Prenant la parole, le ministre des Mines et de la Géologie, Bouna Sylla, a réaffirmé l’engagement de la Guinée : « En accueillant cet événement, la Guinée affirme non seulement la vitalité du débat juridique africain, mais aussi sa détermination à contribuer durablement à la construction d’un cadre juridique et institutionnel robuste au service des secteurs minier et énergétique. »

Il a également inscrit cette initiative dans la vision des autorités nationales, en l’occurrence le président de la République : « La tenue de cet événement le 1er mai, journée internationale du travail, s’inscrit pleinement dans la vision du Président de la République, le Général Mamadi Doumbouya, qui place le travail, la justice et la valorisation responsable des ressources naturelles au cœur de l’action publique. Le secteur minier et énergétique demeure un levier stratégique de souveraineté et de développement. Le gouvernement œuvre à la consolidation d’un cadre juridique stable, équitable et sécurisé, garantissant à la fois la protection des travailleurs, la sécurité des investissements et la préservation des intérêts nationaux. »

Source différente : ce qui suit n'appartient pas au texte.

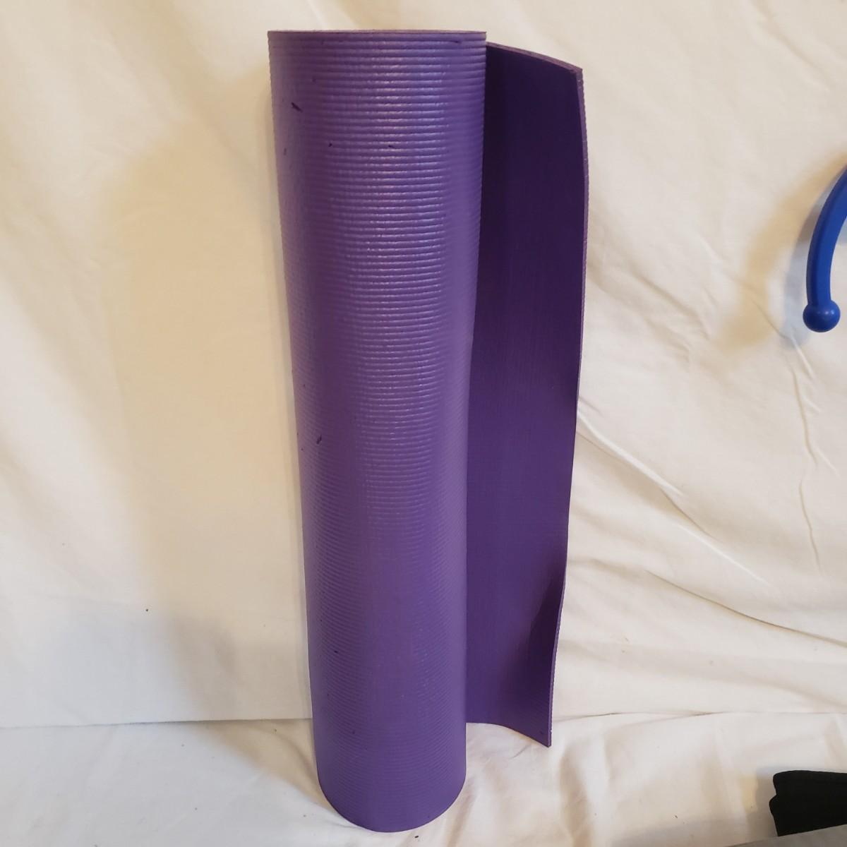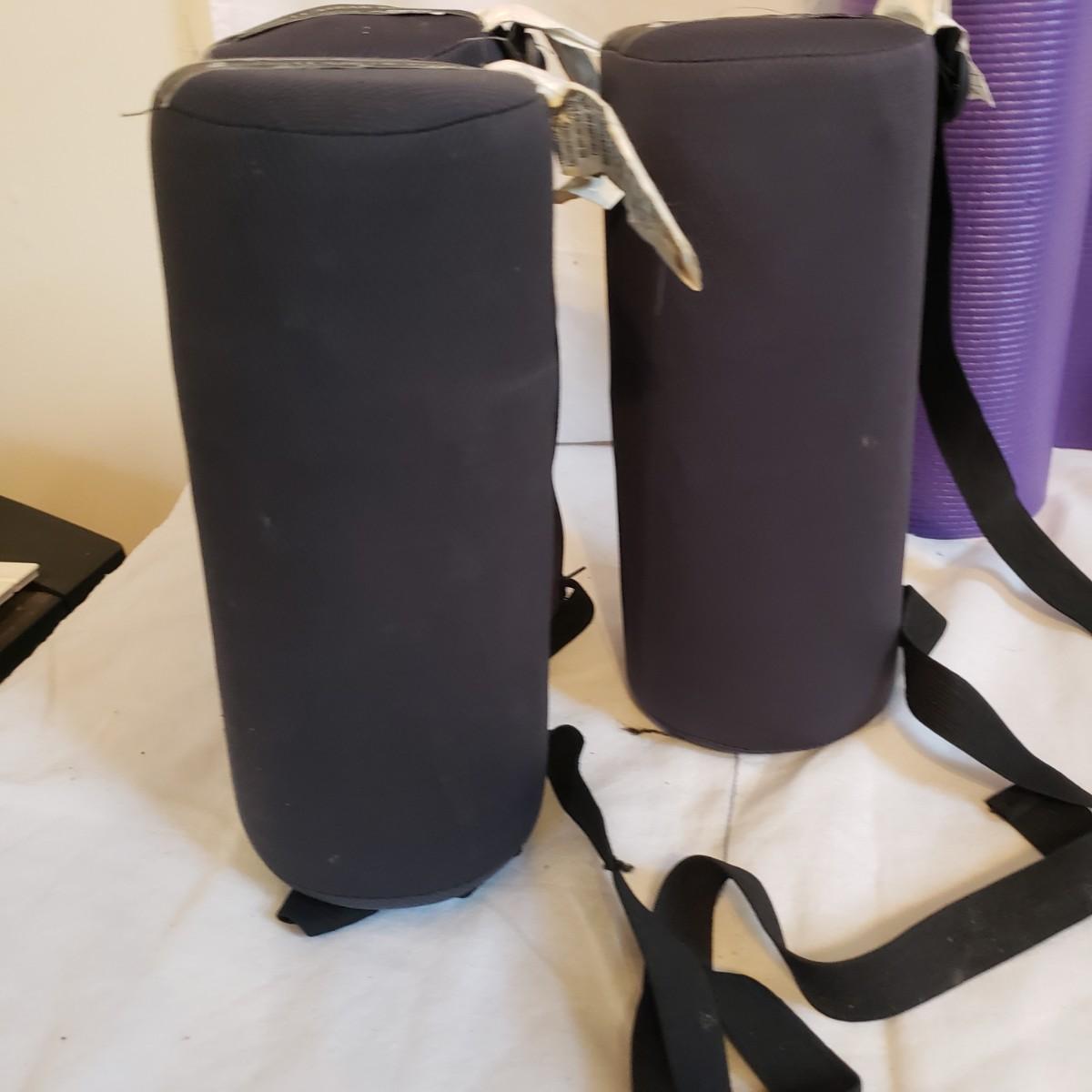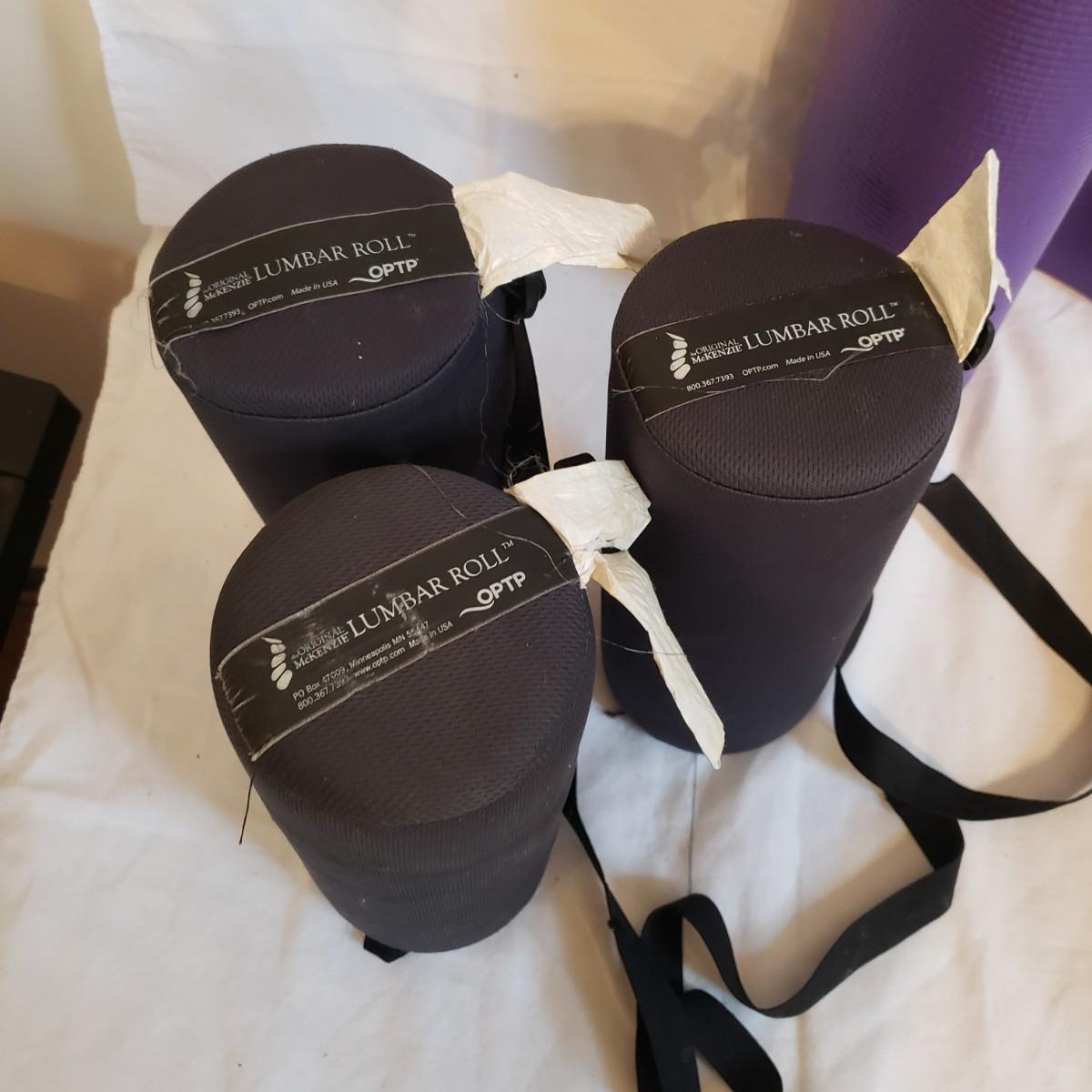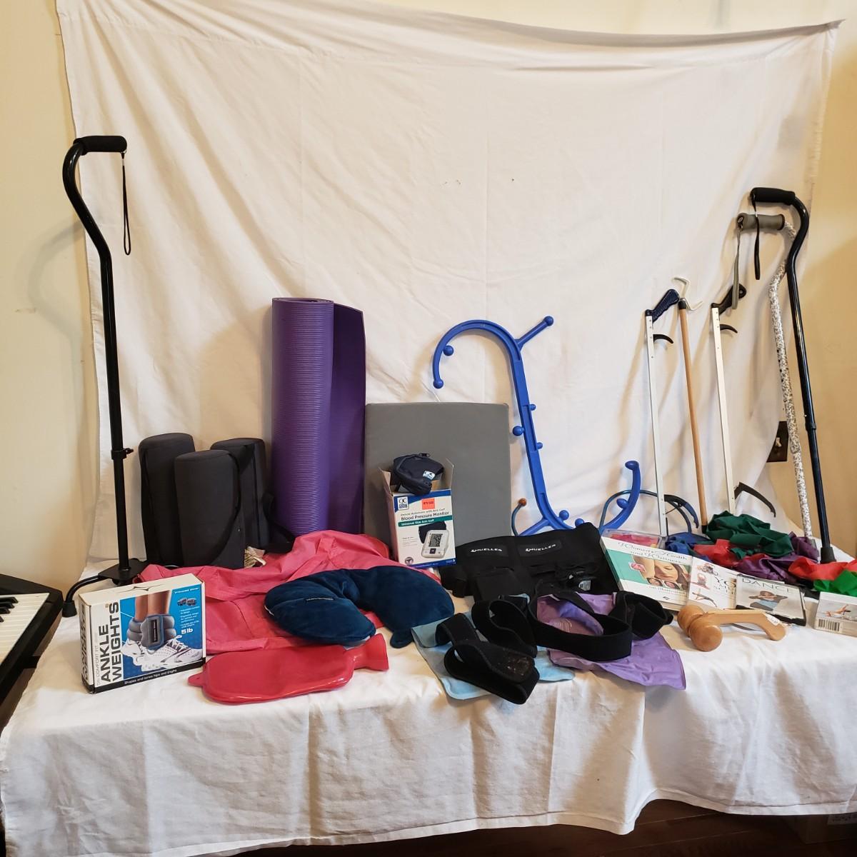 This lot will help in many ways! There are a pair of five-pound ankle weights that appear to be hardly used. The red rubber hot water bottle is just what your body ordered! The Revix cooling packs can velcro to the spot you need it. The QC blood pressure cuff powers on when tested. The are three grey the Original Lumbar Rolls measuring 4" x 11". A purple yoga mat that has some worn marks but is still plush. The grey velvet wedge pad measures 14" x 14" x 3" at its highest end. There are two back support braces, one is size large and the other by Mueller does not have a tag. There are also three canes: one with a base and the other two with sturdy rubber knobs at the bottom. All are adjustable. The Body Back Buddy is great for getting knots out of your back! There are multiple bands of various strengths and sizes.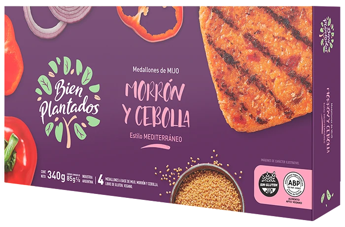 Los BIEN plantados medallones estilo mediterráneo 320 g morrón cebolla combinan ingredientes vegetales inspirados en la cocina mediterránea, logrando un sabor aromático y natural. El morrón aporta un toque dulce y la cebolla profundidad de sabor, resultando en un medallón jugoso y versátil.

Ouvrant officiellement les travaux, le Garde des Sceaux, ministre de la Justice et des Droits de l’Homme, Ibrahima Sory 2 Tounkara, a salué l’importance de cette initiative : « Le WADME s’est incontestablement imposé comme un rendez-vous essentiel pour les professionnels du droit et les acteurs des secteurs miniers et énergétiques en Afrique. Cette plateforme d’échanges illustre parfaitement l’importance cruciale de l’articulation entre le droit, la justice et le développement économique de nos industries extractives. »

Il a enfin rendu hommage particulier aux organisateurs leur engagement constant: « Je tiens à saluer l’initiative et l’engagement constant des organisateurs, notamment l’Institut de formation et de l’expertise juridique ainsi que le Barreau de Guinée, pour leurs efforts visant à inscrire durablement cet événement dans l’agenda juridique africain. »

Il faut rappeler qu’à travers cette 4e édition, le WADME confirme son ambition de devenir un espace incontournable de réflexion stratégique pour un meilleur encadrement juridique des ressources naturelles en Afrique.